今日の・・・
 その後、ろくに眠れないまま私たちは大学へ向かった。
「ごめんね、眠れなかったなぁ」
横を歩く夕実に話しかけた。
「ううん、一人だったらもっと大変だっただろうから・・・。これ、いつまで続くのかなぁ」
夕実はポツリとつぶやいた。
「直接本人に聞かないと駄目だね。なんか、腹立ってきた」
「聞くって・・・?」
「谷君にさ。・・・その前に一つ、はっきりさせておかないとあかんねんけど、夕実、谷君のこと本当にいいねんね?このまま終わらせても・・・」
「あり得ないから、一秒でも早く終わらせて」
夕実は語気を強めて言った。

 教室に入り、私たちは窓側の一番後ろの席についた。

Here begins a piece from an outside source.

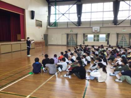 校長からは、あいさつの話や今年の目標「やってみよう」の話がありました。また、生活委員さんから、今月の生活目標が「あいさつをしよう」であることや、タブレットの使い方について校務主任の先生から連絡がありました。どの児童も姿勢よく話を聞くことができました。

私は教室を見渡して谷君がいないかどうか確かめたが、まだ早い時間のせいもあってか、生徒はまばらだった。
「谷君に、何を聞くの?」
夕実が少し不安そうに聞いてきた。
「何って、あれが誰なのか。昨日さ、ちょっと顔がはっきり見えたからさ、特徴言えば心当たりあるんじゃないかと思って。夕実は、何か気付いたことない?」
「う・・・ん、なんだろう。怖くて見ないようにしてるから。・・・・あ、でも、香水の臭いがきつくて、姿が消えても残り香で気分が悪くなった」
夕実は顔をしかめた。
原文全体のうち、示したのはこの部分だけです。